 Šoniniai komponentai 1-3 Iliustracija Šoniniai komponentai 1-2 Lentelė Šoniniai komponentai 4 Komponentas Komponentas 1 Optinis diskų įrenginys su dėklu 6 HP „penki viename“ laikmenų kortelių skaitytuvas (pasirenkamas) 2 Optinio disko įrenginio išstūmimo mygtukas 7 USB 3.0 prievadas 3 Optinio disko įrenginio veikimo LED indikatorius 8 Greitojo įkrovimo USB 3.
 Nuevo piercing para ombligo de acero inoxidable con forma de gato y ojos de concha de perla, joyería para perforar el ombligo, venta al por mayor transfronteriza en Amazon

--

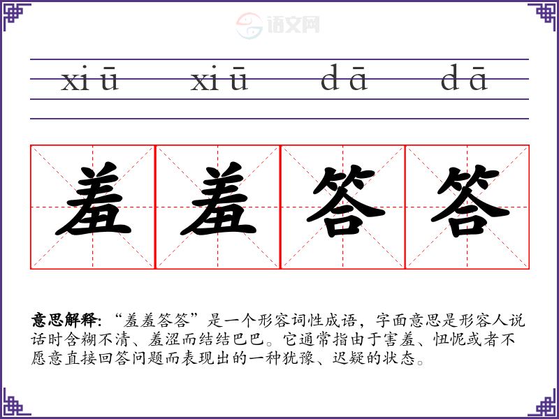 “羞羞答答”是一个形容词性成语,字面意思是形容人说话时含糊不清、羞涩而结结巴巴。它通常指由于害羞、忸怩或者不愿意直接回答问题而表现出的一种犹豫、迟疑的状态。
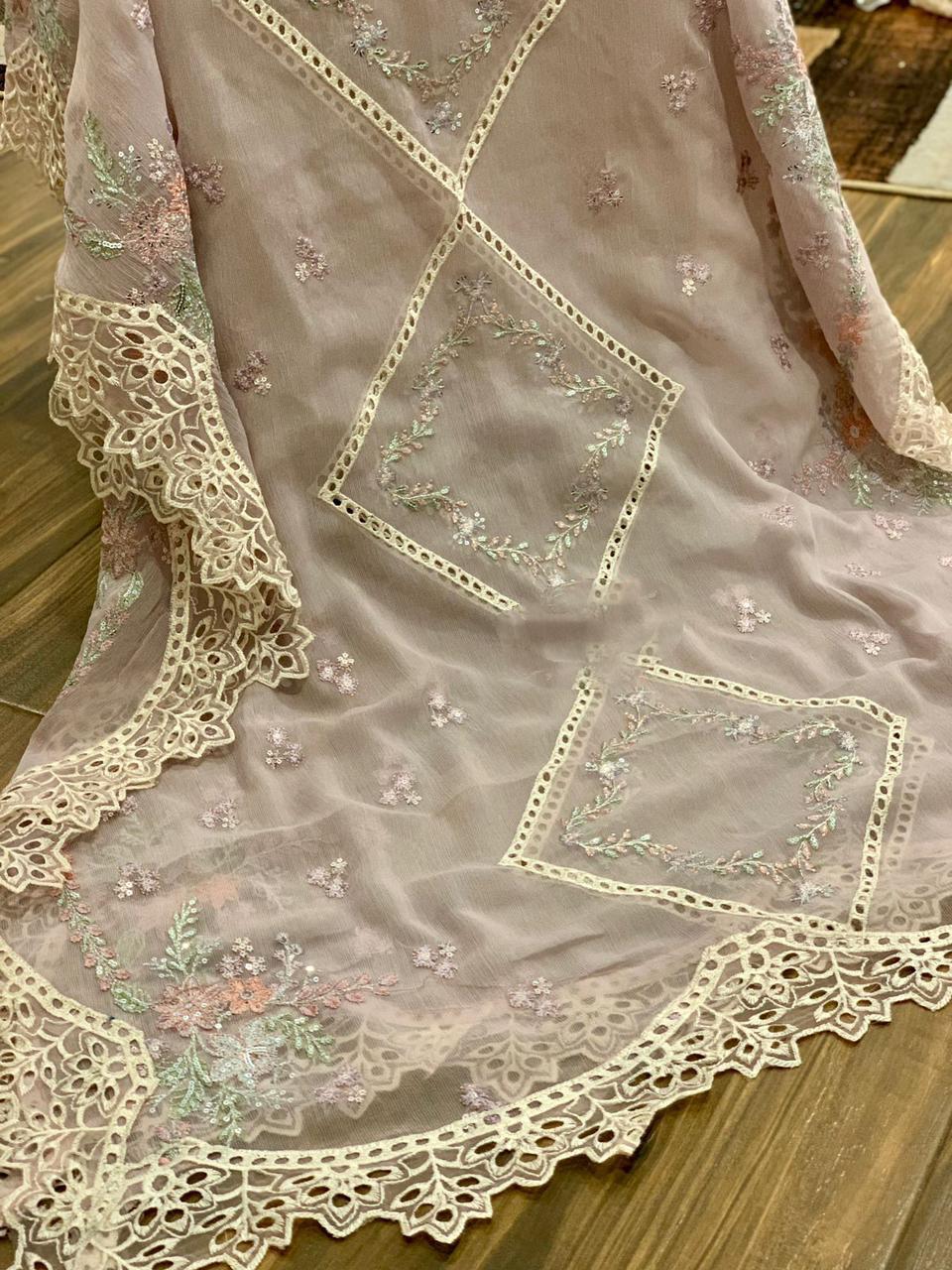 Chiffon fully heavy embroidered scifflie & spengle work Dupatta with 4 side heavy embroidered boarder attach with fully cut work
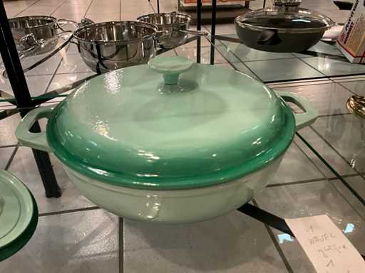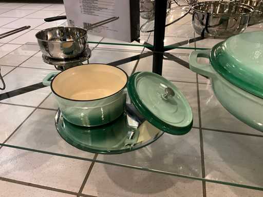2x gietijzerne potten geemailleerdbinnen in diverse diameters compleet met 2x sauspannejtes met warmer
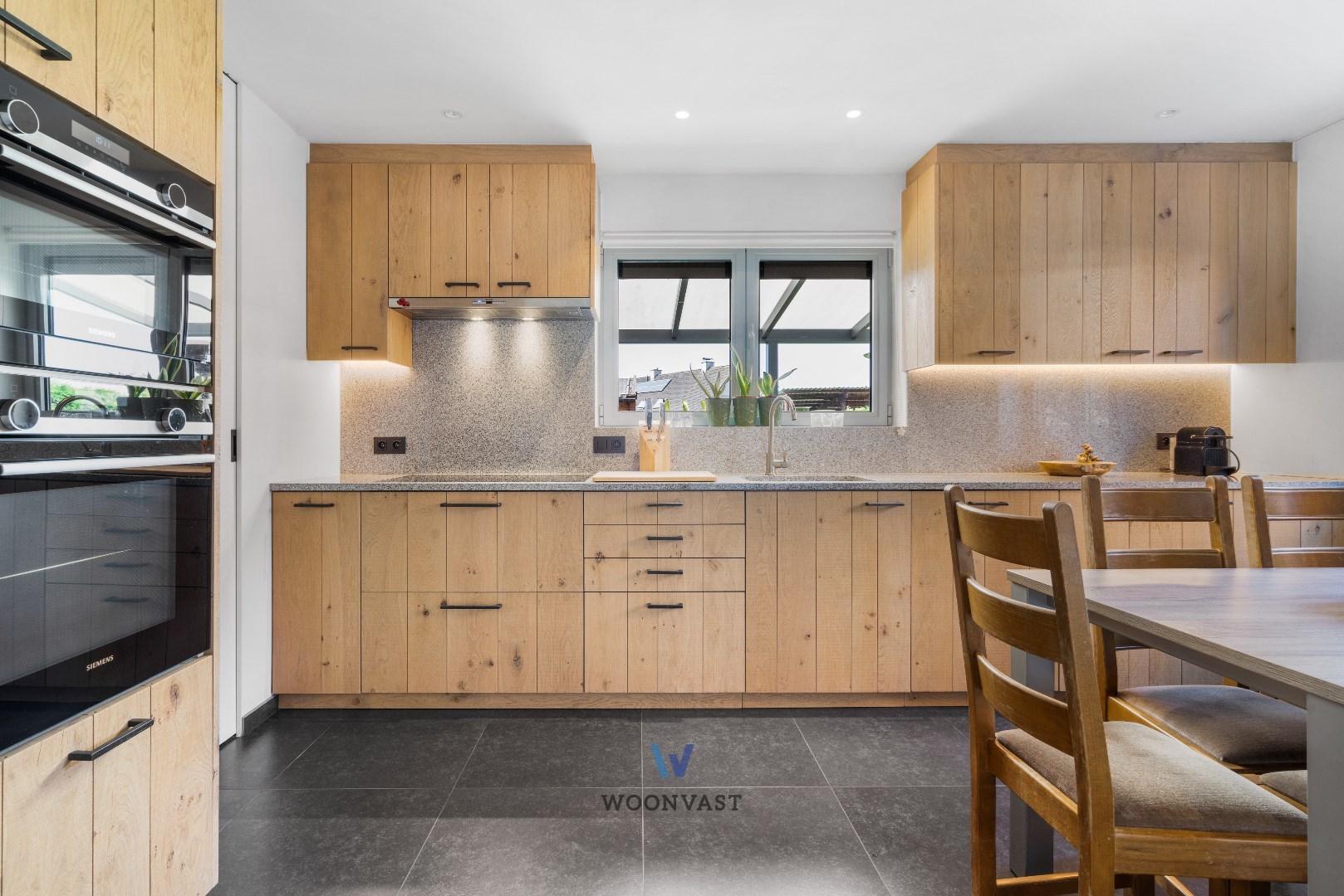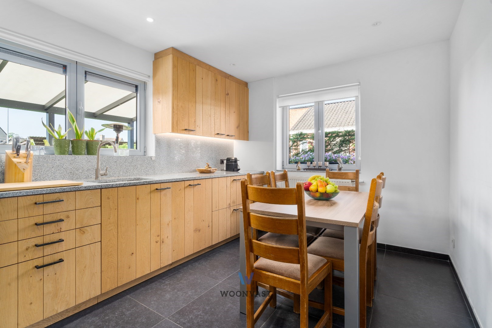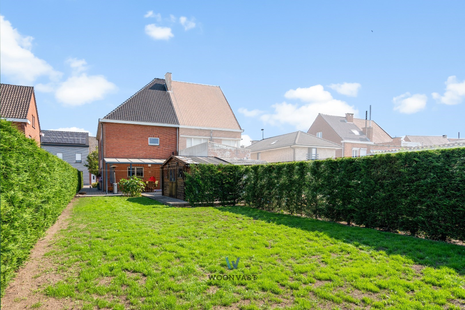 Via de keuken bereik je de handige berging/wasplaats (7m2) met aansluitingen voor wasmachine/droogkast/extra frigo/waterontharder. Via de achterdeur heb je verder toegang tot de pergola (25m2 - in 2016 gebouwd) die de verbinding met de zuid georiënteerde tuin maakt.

INSTRUCTIONS TO FOLLOW ->
Beginning with the line that contains "2x gietijzerne potten" and ending with the line that contains "Via de keuken", reproduce the listing exactly, pictures excluded.

YOUR SOLUTION ->
2x gietijzerne potten geemailleerdbinnen in diverse diameters compleet met 2x sauspannejtes met warmer
 Via de keuken bereik je de handige berging/wasplaats (7m2) met aansluitingen voor wasmachine/droogkast/extra frigo/waterontharder. Via de achterdeur heb je verder toegang tot de pergola (25m2 - in 2016 gebouwd) die de verbinding met de zuid georiënteerde tuin maakt.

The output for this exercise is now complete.